Discussion on the hashcode method in Java (recommended)

  • 2020-05-19 04:59:25
  • OfStack

Hash tables are a data structure that most people are familiar with, and hash tables are used in many places to improve lookup efficiency. There is one method in Java's Object class:


public native int hashCode(); 

According to the declaration of this method, this method returns a value of type int and is a local method, so no implementation is given in the Object class.

Why does the Object class need a method like this? What does it do? Today we will discuss the hashCode method in detail.

1. The role of hashCode method

For programming languages that contain container types, hashCode is basically involved. In Java, as in Java, the main purpose of the hashCode method is to work with hashed collections (HashSet, HashMap, and HashTable).

Why do you say that? Consider a case where, when you insert an object into a collection, how do you check if the object already exists in the collection? (note: duplicate elements are not allowed in collections)

Most people would probably think of calling the equals method to compare one by one, and it works. However, if there are already 10,000 pieces of data or more in the set, if the equals method is used to compare them one by one, the efficiency is bound to be a problem. Show the effect of hashCode method is, when set to add a new object, call the object hashCode method first, get the corresponding hashcode value, in fact in the concrete implementation of HashMap will use 1 table hashcode value has been put into object saved, if not the hashcode value in table, can be directly put into it, don't make any more; If there is the hashcode value, call it equals method comparing with the new elements, the same is not saved, not the same hash other address, so there is a problem of conflict resolution, so that 1 to the number of actual call equals method is greatly reduced, said popular point: 1 Java hashCode method is based on a set of rules will be associated with the object of information (such as object storage address, object field, etc.) mapping into a numerical value, this value according as hash values.
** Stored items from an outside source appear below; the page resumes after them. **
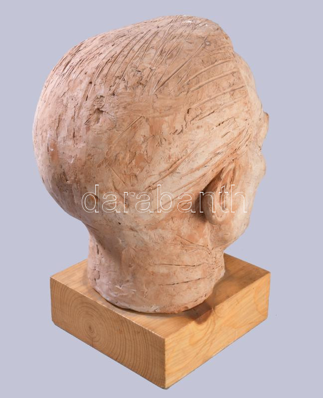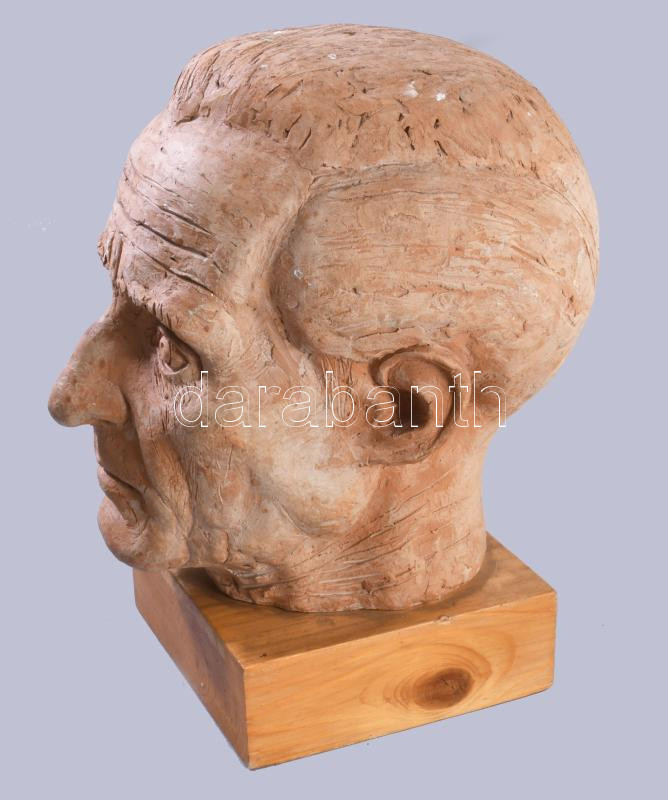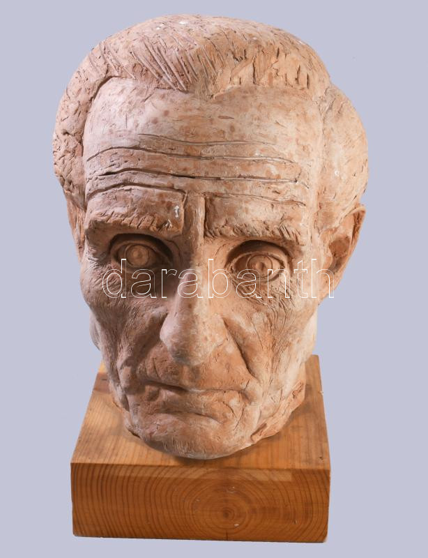 Jelzés nélkül: Férfi fej Terrakotta, fa alapon, 26 cm
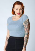 So richtig tolle Basics bieten dir unendliche Styling-Optionen! Das Oberteil Kaylie wird in dieser Saison garantiert zu deinem Lieblings-Top! Der taillierte Schnitt und die kurzen Raglanärmel harmonieren perfekt miteinander, und der quadratische Ausschnitt verleiht deinem Look feminine Eleganz. Das Modell aus einer fein gestrickten, weichen und elastischen Bambus-Viskose-Mischung in Himmelblau ist herrlich angenehm zu tragen. Hol dir dieses Oberteil und stelle unzählige Outfits zusammen! 😉 * Quadratischer Ausschnitt * Kurze Raglanärmel * Passend für Hosen mit normaler Leibhöhe
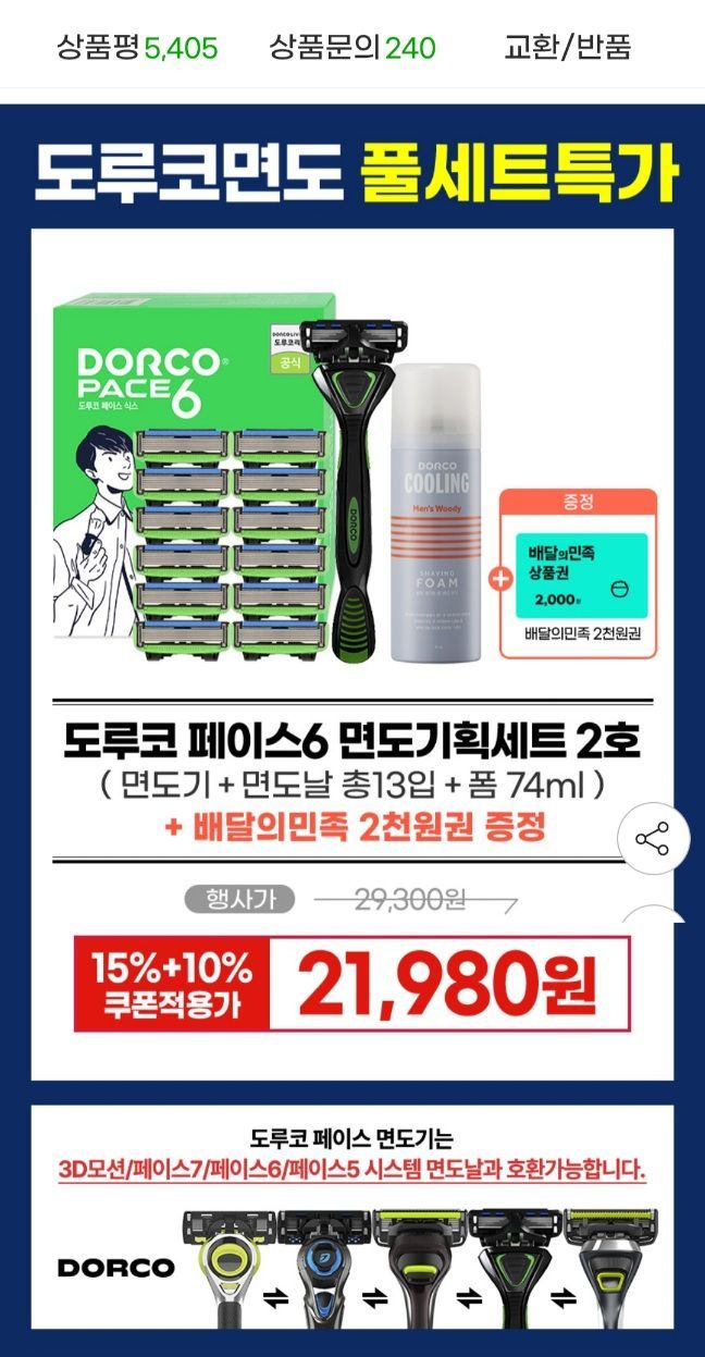 | 쇼핑엔티 | 도루코 페이스6 면도기획세트 2호 (면도기+날 총13입+74ml폼) | 32,900원 | 할인가, 적립금 혜택 포함 |

The following code is the implementation of the put method in java.util.HashMap:


public V put(K key, V value) {

    if (key == null)

      return putForNullKey(value);

    int hash = hash(key.hashCode());

    int i = indexFor(hash, table.length);

    for (Entry<K,V> e = table[i]; e != null; e = e.next) {

      Object k;

      if (e.hash == hash && ((k = e.key) == key || key.equals(k))) {

        V oldValue = e.value;

        e.value = value;

        e.recordAccess(this);

        return oldValue;

      }

    }

    modCount++;

    addEntry(hash, key, value, i);

    return null;

  } 

put method is used to add new elements to the HashMap, according to the specific implementation in the put method, will call hashCode method to get the first element of hashCode value, then the existence of the view table hashCode value, if there is a call the equals method to determine whether there is the element, if present, is updated value values, or add new elements to the HashMap. It can be seen from here that the hashCode method exists to reduce the number of calls to the equals method, thus improving the efficiency of the program.
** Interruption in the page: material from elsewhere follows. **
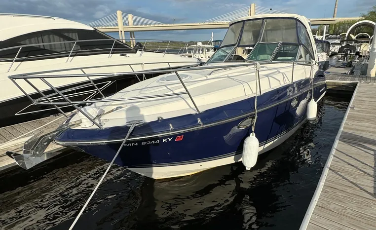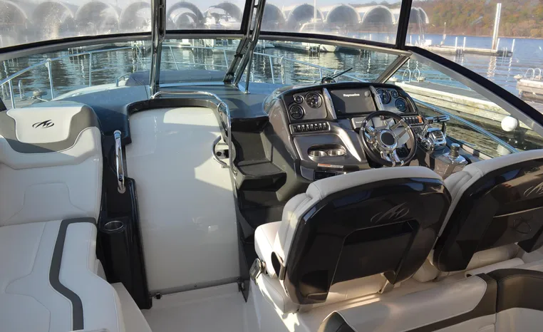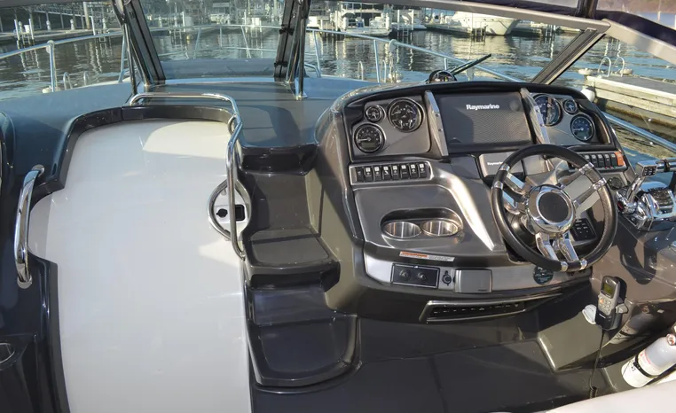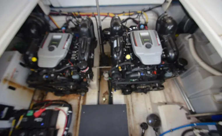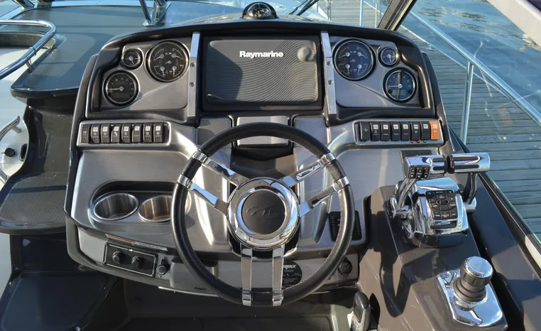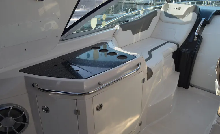 2013 Monterey 34 SY Hardtop Express, twin Mercruiser Magnum 300 HP, GM 350 CID, 6.2 litre, 730 approximate hours, Bravo III duo prop with Axius sterndrive control system, Kohler 5.0kw generator with sound shield, 165 approximate hours, dual 30 amp/125vac electrical shore service, two shore power cords, four batteries, Fireboy auto halon system, Marine Air reverse cycle air/heat, pressure water, water heater, Bemis head/shower/vanity, master stateroom forward with offset queen berth, guest stateroom mid-cabin with double berth, convertible sofa sleeps two, teak and holly cabin sole, white colored wall covering, tan upholstery, cherry interior, hatch screens, Fusion AM/FM/stereo /CD/Bluetooth player, single stainless sink, Isotherm 12vdc/115vac refrigerator/freezer, Kenyon two burner electric stove, Haier microwave oven, blue canvas, HDTP top with enclosure, additional new enclosure, Raymarine VHF marine radio, Raymarine digital depth finder, Raymarine GPS, Ritchie compass, RCL remote spotlight, bow cushion with cover, Plow style anchor, Lewmar electric windlass, four fenders, mooring lines, windshield wiper, arch, tilt steering wheel, cockpit table, cockpit wet bar with Isotherm refrigerator, walk thru windshield, transom shower, transom door, trim tabs, integral swim platform with extension, boarding ladder.
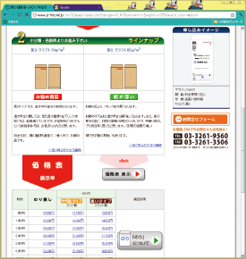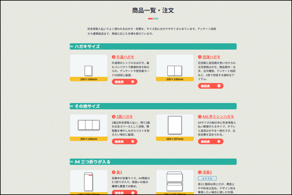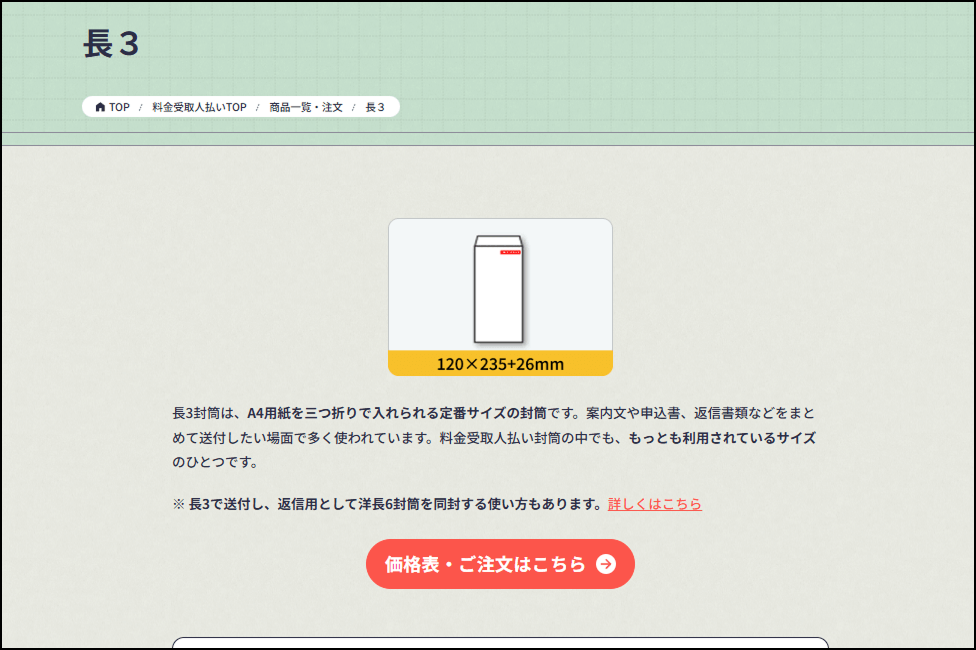 商品一覧・注文から作りたいサイズ(長3、ハガキなど)の商品をクリックして、詳細ページへ進みます。「価格表」ボタンをクリックすると、枚数ごとの概算費用を確認することができます。

Some friends mistakenly believe that by default, hashCode returns the storage address of the object. In fact, this view is not comprehensive. It is true that some JVM directly returns the storage address of the object in the implementation, but most of the time it is not. The following is the implementation of generating hash hash values in HotSpot JVM:


static inline intptr_t get_next_hash(Thread * Self, oop obj) {

 intptr_t value = 0 ;

 if (hashCode == 0) {

   // This form uses an unguarded global Park-Miller RNG,

   // so it's possible for two threads to race and generate the same RNG.

   // On MP system we'll have lots of RW access to a global, so the

   // mechanism induces lots of coherency traffic.

   value = os::random() ;

 } else

 if (hashCode == 1) {

   // This variation has the property of being stable (idempotent)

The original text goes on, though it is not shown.